DATA FOR THIS TASK:
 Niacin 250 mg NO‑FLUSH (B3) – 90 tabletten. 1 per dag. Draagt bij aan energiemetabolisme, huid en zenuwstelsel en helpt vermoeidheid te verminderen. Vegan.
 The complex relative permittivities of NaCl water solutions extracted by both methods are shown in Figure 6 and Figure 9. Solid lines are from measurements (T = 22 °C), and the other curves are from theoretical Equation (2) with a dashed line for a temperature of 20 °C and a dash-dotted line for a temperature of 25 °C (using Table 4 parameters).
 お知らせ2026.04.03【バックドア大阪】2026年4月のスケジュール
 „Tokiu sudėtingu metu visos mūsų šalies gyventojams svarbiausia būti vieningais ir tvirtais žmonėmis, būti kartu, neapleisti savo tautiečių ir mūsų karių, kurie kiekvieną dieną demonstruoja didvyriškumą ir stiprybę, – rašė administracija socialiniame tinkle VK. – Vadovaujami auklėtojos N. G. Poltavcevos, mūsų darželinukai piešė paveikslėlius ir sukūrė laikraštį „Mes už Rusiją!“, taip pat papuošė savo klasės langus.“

* * *

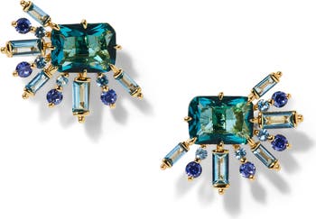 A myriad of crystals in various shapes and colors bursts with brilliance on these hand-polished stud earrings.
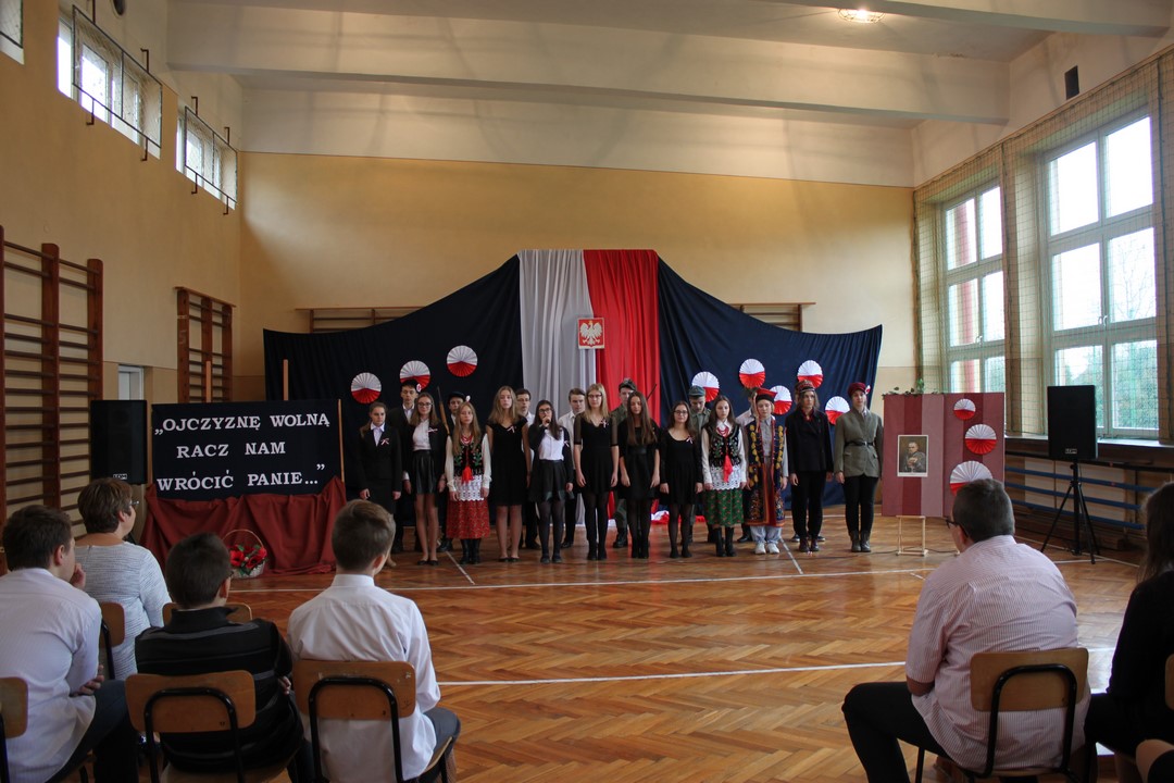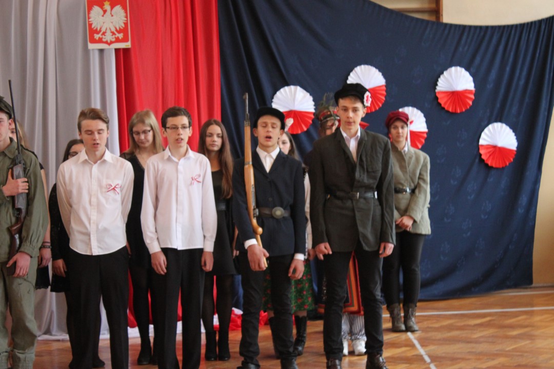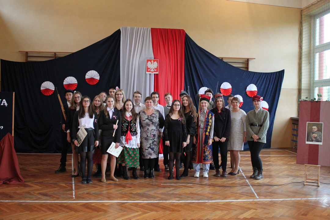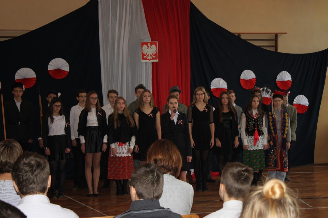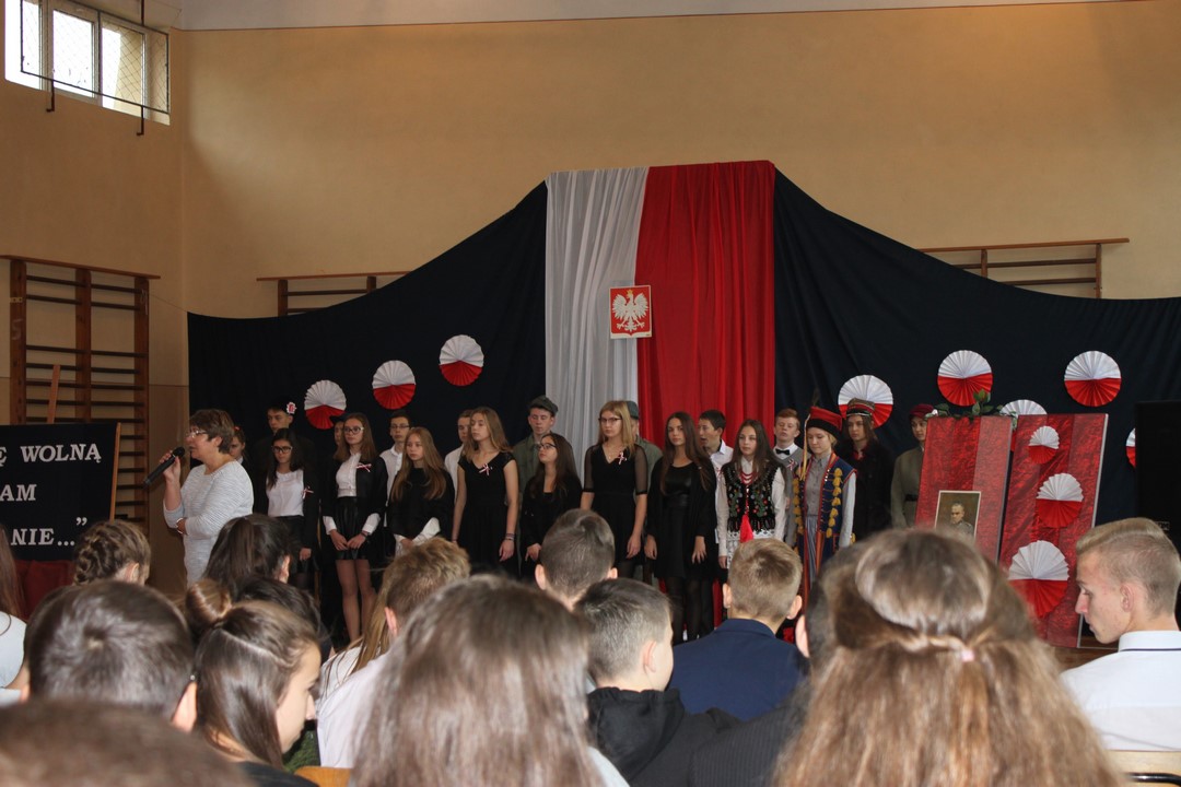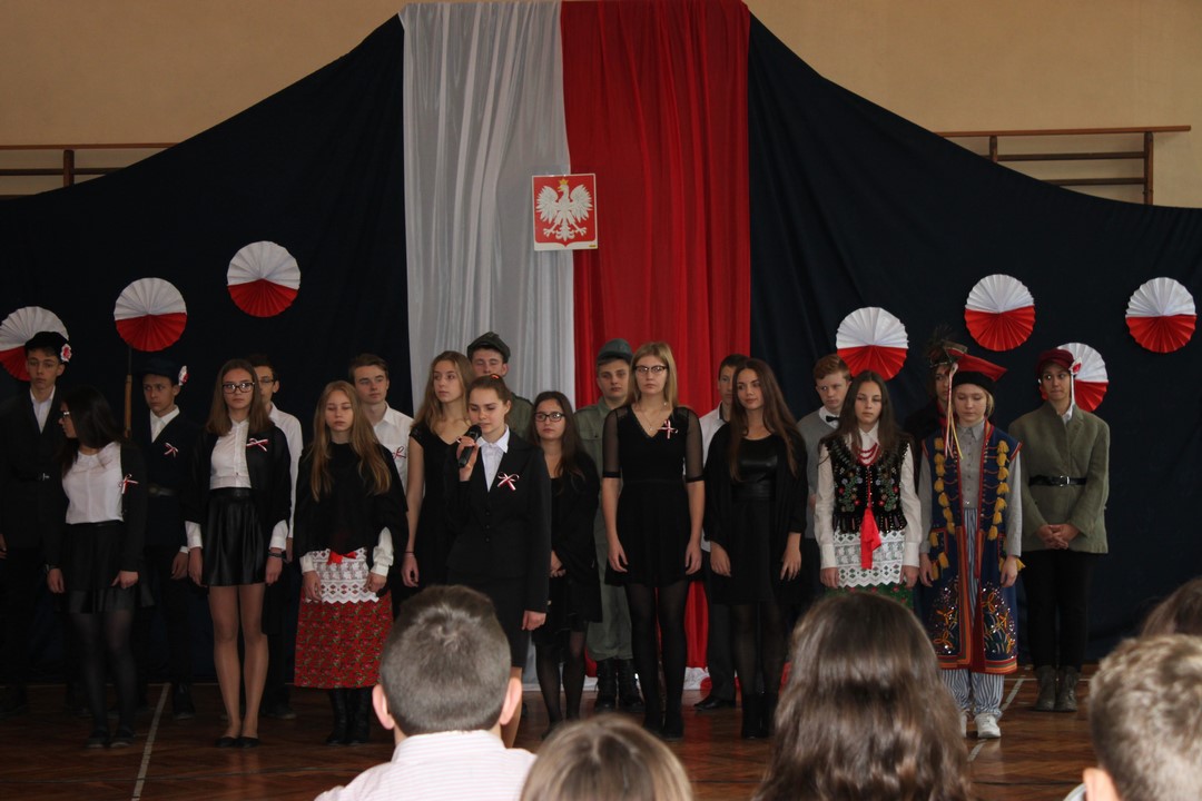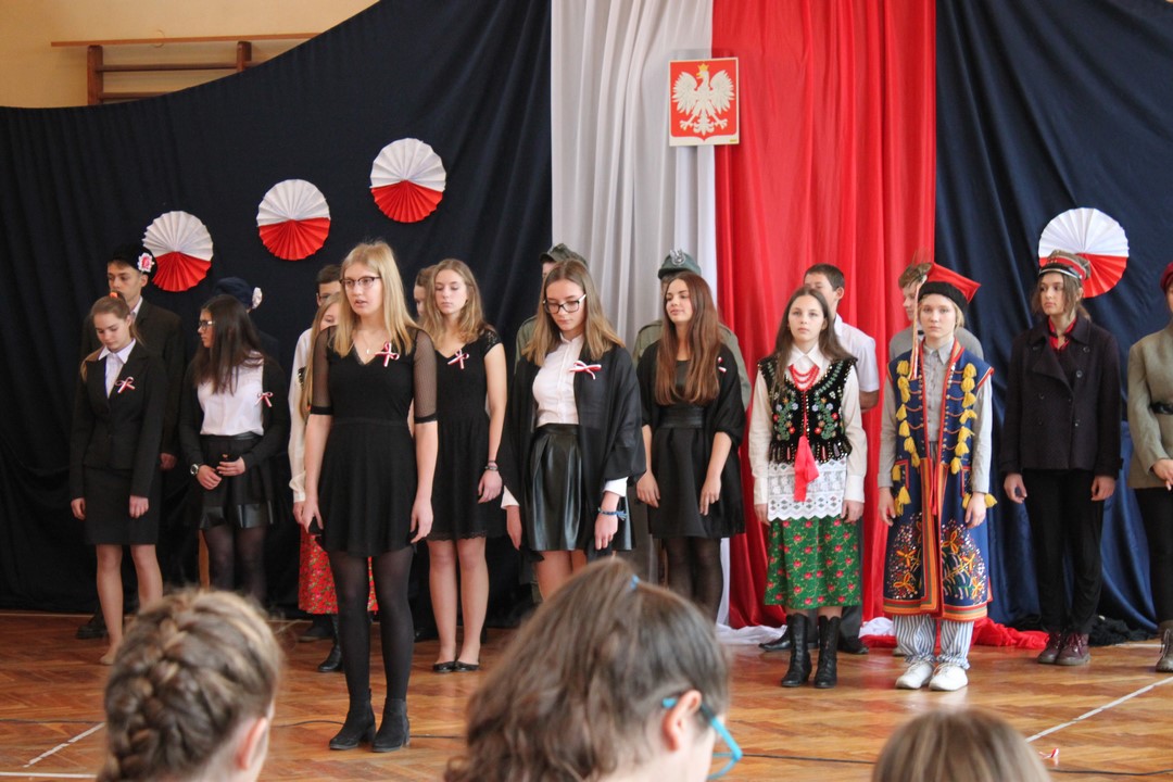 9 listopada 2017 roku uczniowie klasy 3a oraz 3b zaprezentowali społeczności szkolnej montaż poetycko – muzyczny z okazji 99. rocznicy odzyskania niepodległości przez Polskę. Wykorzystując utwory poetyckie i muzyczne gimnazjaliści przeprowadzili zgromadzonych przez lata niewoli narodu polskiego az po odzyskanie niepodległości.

---

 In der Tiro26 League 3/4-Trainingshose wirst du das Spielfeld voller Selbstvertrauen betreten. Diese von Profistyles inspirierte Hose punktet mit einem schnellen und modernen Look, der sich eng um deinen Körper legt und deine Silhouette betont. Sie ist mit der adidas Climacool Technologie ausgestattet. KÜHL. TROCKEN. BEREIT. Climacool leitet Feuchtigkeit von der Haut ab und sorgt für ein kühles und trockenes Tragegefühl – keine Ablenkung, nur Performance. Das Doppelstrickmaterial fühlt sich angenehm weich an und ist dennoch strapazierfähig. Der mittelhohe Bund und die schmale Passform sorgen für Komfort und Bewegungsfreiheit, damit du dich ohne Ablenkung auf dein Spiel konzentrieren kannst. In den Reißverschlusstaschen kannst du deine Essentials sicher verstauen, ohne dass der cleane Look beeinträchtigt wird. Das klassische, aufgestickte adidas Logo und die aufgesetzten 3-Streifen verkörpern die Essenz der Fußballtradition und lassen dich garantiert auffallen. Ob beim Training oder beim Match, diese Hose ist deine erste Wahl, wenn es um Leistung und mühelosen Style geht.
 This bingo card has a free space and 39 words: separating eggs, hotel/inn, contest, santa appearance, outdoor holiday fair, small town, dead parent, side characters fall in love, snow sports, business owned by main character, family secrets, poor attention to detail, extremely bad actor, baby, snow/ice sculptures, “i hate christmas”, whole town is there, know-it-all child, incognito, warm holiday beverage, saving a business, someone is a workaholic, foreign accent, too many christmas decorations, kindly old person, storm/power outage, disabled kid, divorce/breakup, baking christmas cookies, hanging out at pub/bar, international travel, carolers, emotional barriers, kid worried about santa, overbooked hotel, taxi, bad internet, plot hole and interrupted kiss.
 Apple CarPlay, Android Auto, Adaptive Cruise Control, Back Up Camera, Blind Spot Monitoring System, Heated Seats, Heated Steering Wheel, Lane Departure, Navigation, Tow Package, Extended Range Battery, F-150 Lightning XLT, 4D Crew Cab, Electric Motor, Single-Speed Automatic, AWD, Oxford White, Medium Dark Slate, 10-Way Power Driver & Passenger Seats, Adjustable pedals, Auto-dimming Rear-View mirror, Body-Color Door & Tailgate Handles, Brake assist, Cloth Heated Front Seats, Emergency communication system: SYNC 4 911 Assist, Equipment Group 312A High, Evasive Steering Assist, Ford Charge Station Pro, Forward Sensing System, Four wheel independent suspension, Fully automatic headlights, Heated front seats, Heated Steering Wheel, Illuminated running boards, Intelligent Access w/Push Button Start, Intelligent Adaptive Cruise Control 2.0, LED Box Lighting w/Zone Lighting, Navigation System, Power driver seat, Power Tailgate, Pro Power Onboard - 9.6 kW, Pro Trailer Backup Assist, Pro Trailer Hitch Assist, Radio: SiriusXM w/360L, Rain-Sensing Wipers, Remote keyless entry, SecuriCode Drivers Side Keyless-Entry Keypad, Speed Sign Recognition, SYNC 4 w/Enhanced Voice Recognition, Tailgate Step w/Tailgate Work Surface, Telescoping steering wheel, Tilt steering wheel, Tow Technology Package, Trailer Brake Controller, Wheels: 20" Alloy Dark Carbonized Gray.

ASSIGNED TASK: Using the records above, return word for word the lines that begin at the one containing "A myriad of" and end at the one containing "9 listopada 2017", both of them included and no pictures.

REPLY TO THE TASK:
 A myriad of crystals in various shapes and colors bursts with brilliance on these hand-polished stud earrings.
 9 listopada 2017 roku uczniowie klasy 3a oraz 3b zaprezentowali społeczności szkolnej montaż poetycko – muzyczny z okazji 99. rocznicy odzyskania niepodległości przez Polskę. Wykorzystując utwory poetyckie i muzyczne gimnazjaliści przeprowadzili zgromadzonych przez lata niewoli narodu polskiego az po odzyskanie niepodległości.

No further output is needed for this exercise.